Exercise requirements → Write out all the data verbatim. Skip images.
** Supplied data follows **
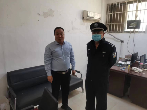 10月10日,殷商分局民警到守押五大隊檢查槍彈、消防安全工作,大隊長馮文峰陪同檢查。
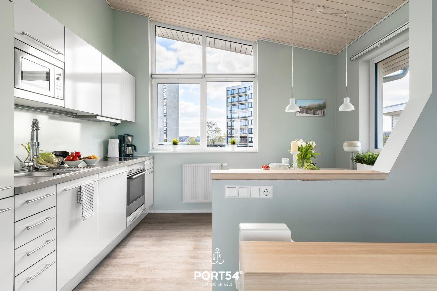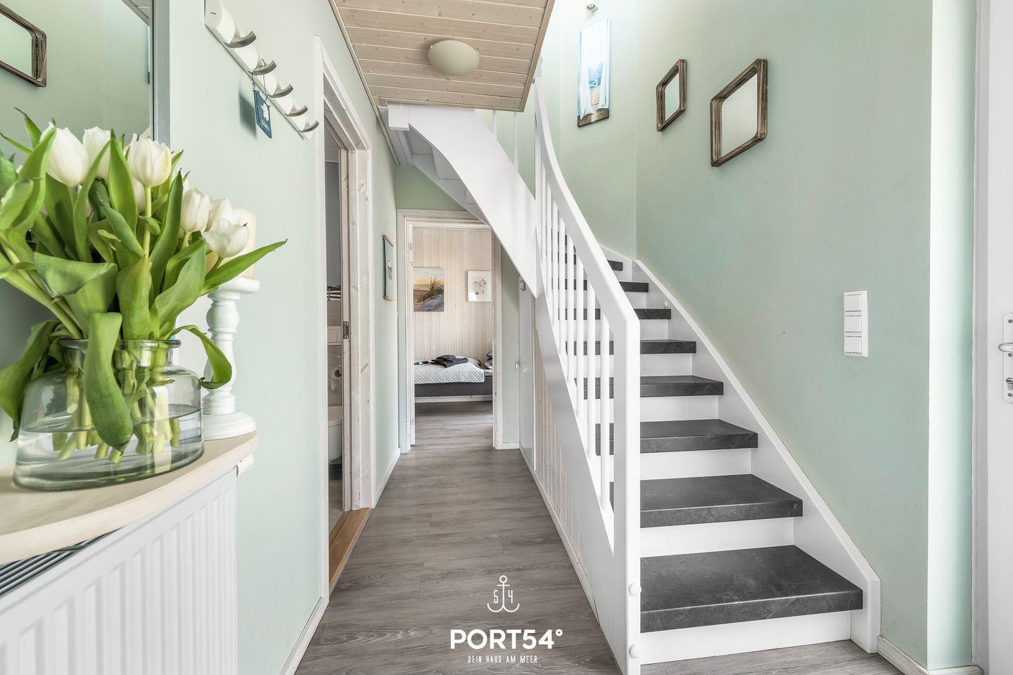 Im Außenbereich laden Sitzmöglichkeiten und Sonnenliegen auf dem Balkon und der Terrasse zum Entspannen ein. Ein Sonnenschirm sowie ein Holzkohlegrill runden die Ausstattung ab. Ebenfalls befindet sich am Haus ein kostenfreier PKW Stellplatz und ein abschließbarer Fahrradschuppen. Ob heiße Sommertage, laue Sommerabende, stürmische Herbstnachmittage oder kühle Wintertage: diese Doppelhaushälfte besticht mit seiner hochwertigen Ausstattung sowie einer naturnahen Umgebung zu jeder Jahreszeit. Vom Balkon aus genießen Sie den Blick Richtung Meer.
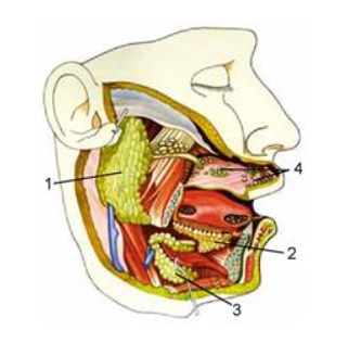 Піднижньощелепні залози на малюнку зображені цифрою ____. Основним ферментом слини є _____
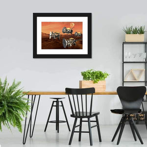 This panoramic canvas depicts multiple spacecraft probes on a rocky, reddish alien terrain with a ringed planet in the background, setting an exploratory, distant, scientific mood. The sci‑fi digital art uses orange, brown, gold and grey tones to convey scale and atmosphere. Pairs well with modern room decor and astronomy-themed spaces.
** End of Supplied data **
Answer box →
 10月10日,殷商分局民警到守押五大隊檢查槍彈、消防安全工作,大隊長馮文峰陪同檢查。
 Im Außenbereich laden Sitzmöglichkeiten und Sonnenliegen auf dem Balkon und der Terrasse zum Entspannen ein. Ein Sonnenschirm sowie ein Holzkohlegrill runden die Ausstattung ab. Ebenfalls befindet sich am Haus ein kostenfreier PKW Stellplatz und ein abschließbarer Fahrradschuppen. Ob heiße Sommertage, laue Sommerabende, stürmische Herbstnachmittage oder kühle Wintertage: diese Doppelhaushälfte besticht mit seiner hochwertigen Ausstattung sowie einer naturnahen Umgebung zu jeder Jahreszeit. Vom Balkon aus genießen Sie den Blick Richtung Meer.
 Піднижньощелепні залози на малюнку зображені цифрою ____. Основним ферментом слини є _____
 This panoramic canvas depicts multiple spacecraft probes on a rocky, reddish alien terrain with a ringed planet in the background, setting an exploratory, distant, scientific mood. The sci‑fi digital art uses orange, brown, gold and grey tones to convey scale and atmosphere. Pairs well with modern room decor and astronomy-themed spaces.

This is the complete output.